While one US state gets closer to approving horse-meat slaughter, the EU continues inspections and recalls for beef adulterated with horse meat. This past weekend (Feb. 24), IKEA recalled its infamous meatballs from 14 European countries, sold in its food market and cafe. German inspectors found horse meat in sandwich shops like the one pictured here. And closer to home, the Oklahoma legislature may approve horse meat slaughter for international export, according to reports in Food Safety News.
Both situations are raising questions as to whether US meat is adulterated with horse meat, particularly when brands familiar to US customers are listed in the EU recall. Last week, Nestle also reported horse meat in a Buitoni frozen pasta, a similar brand name sold in the United States. To date, the USDA says they inspect all meat imports and only test when there is a suspected problem. FDA says they haven’t had any reports regarding frozen meat products.
According to Food Safety News, it is more likely that private testing would uncover a problem. The tests are similar to those done for Angus beef and bison authenticity. If private tests do uncover horse meat adulteration, at this point voluntary admission is the only way it might be discovered. But US beef companies say the supply chain is short and tightly monitored so horse meat adulteration is unlikely.

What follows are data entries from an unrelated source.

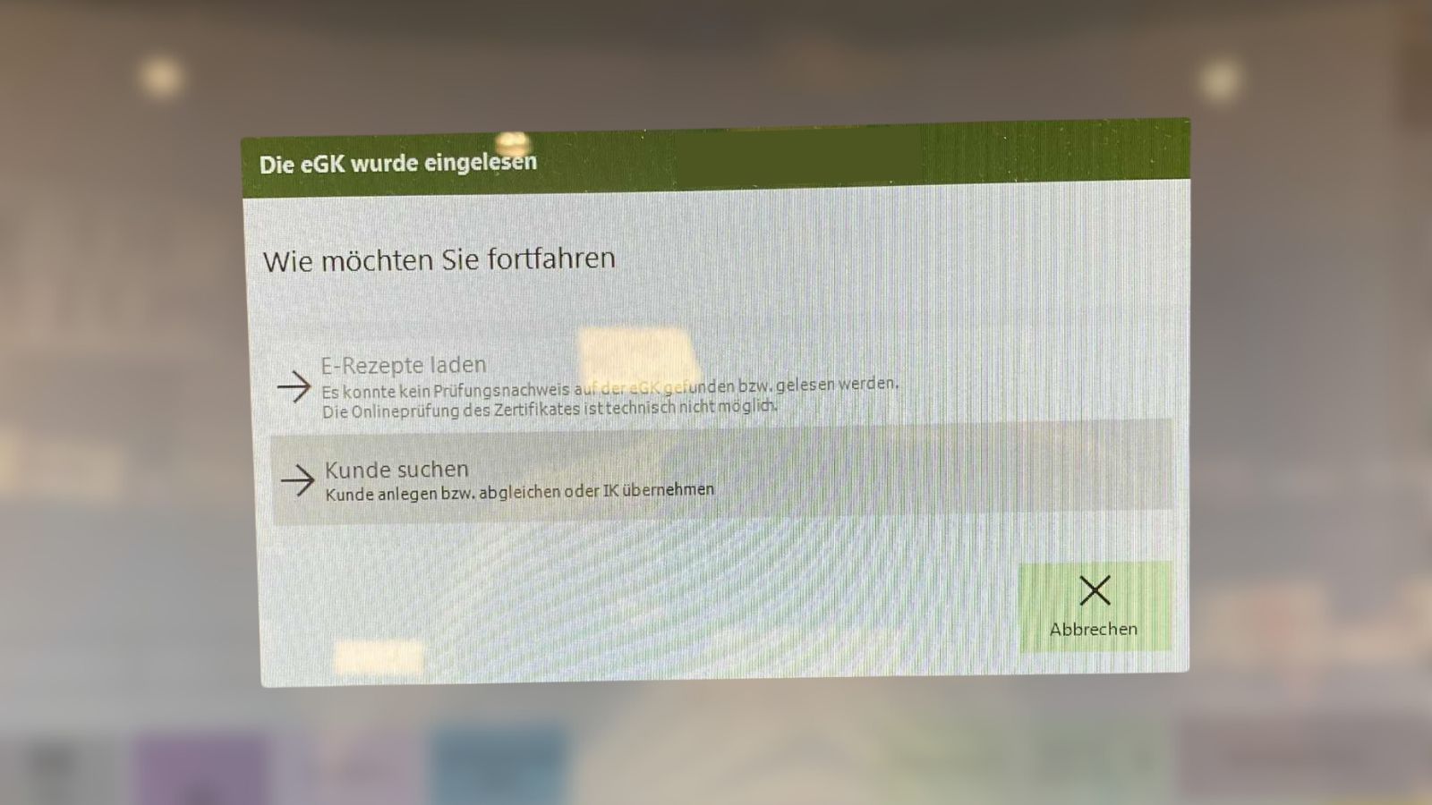 Ein Apotheker aus Thüringen berichtet, dass er seit dem Morgen keine Karten der AOK Plus mehr einlösen kann. In anderen Apotheken sind auch Karten von TK-Versicherten betroffen, teilweise auch von Barmer-Versicherten.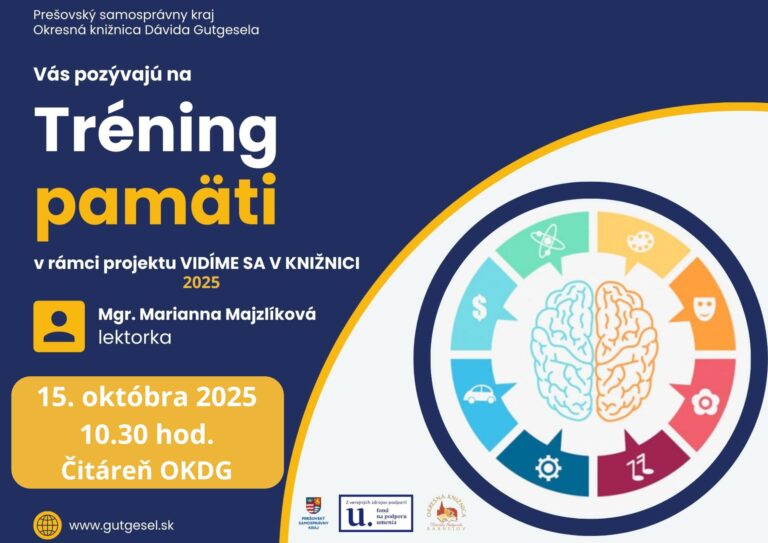 Pozývame Vás na Tréning pamäti s lektorkou Mgr. Mariannou Majzlíkovou, ktorý sa uskutoční pre širokú verejnosť od 10.30 hod. v študovni OKDG v rámci projektu Vidíme sa v knižnici 2025.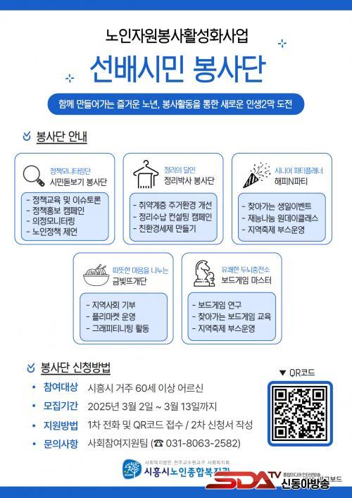 ºÀ»ç´Ü ÀοøÀº ÃÑ 10¸íÀ» ¼±Á¤ÇÒ °èȹÀ¸·Î, ¸ðÁý ±â°£Àº 3¿ù 13ÀϱîÁö´Ù. ½ÅûÀº ½ÃÈï½Ã³ëÀÎÁ¾ÇÕº¹Áö°ü »çȸÂü¿©Áö¿øÆÀ(031-8063-2582)À¸·Î ÀüÈÇϰųª È«º¸ Æ÷½ºÅÍÀÇ Á¤º¸¹«´Ì(Å¥¾ËÄÚµå)¸¦ ÅëÇØ ÇÏ¸é µÈ´Ù.

However, horse meat processing in the United States may be approved shortly, which could introduce a horse meat export market and even approval for consumption in the US. The Oklahoma Senate is close to approving bill (SB) 375 that would allow horse slaughter operations for international meat exporting. The bill became possible when in 2011, the Obama Administration agreed to lift a USDA funding ban out of interest to abandoned and wild horses that are in poor health.

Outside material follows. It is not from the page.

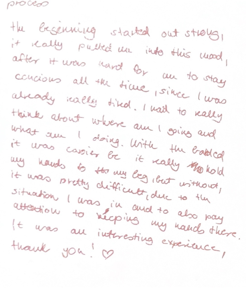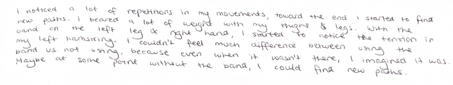 One of the most significant outcomes across both participant groups was the way that physical restraint heightened sensory awareness. The application of elastic resistance bands created a tangible sense of tension, effort, and constriction, directing the participants’ attention toward internal sensation over external form.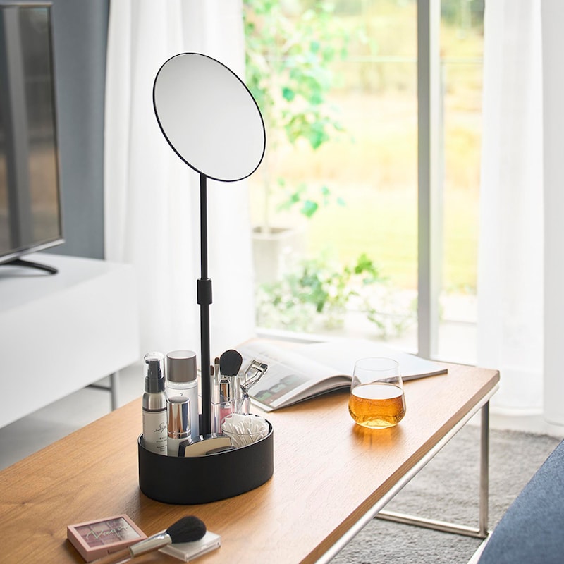 高さと角度が調節できる収納付きスタンドミラー

Rep. Sue Wallis (WY) is calling for approval of horse slaughter and consumption in the U.S. Wallis application is among others in Missouri, Iowa and New Mexico with USDA. Wallis is supporting the change because she believes that restaurant chefs and consumers want to see cheval, the gourmet name for horse meat, on the American plate for its taste, lean profile and affordable costs. She says horse meat is generally about 40 percent cheaper than beef.
The Agricultural Resource Center says that approximately 25,000 horses of U.S. origin are killed at Canadian slaughterhouses and 11,000 are sent to Mexican slaughterhouses each year for consumption. The agency believes that the growing number of ethnic groups in the US would support horse meat sales, as they have goat meat. It’s not clear whether the American public would support such an idea, given the iconic status of horses as companion animals and for their role in American history.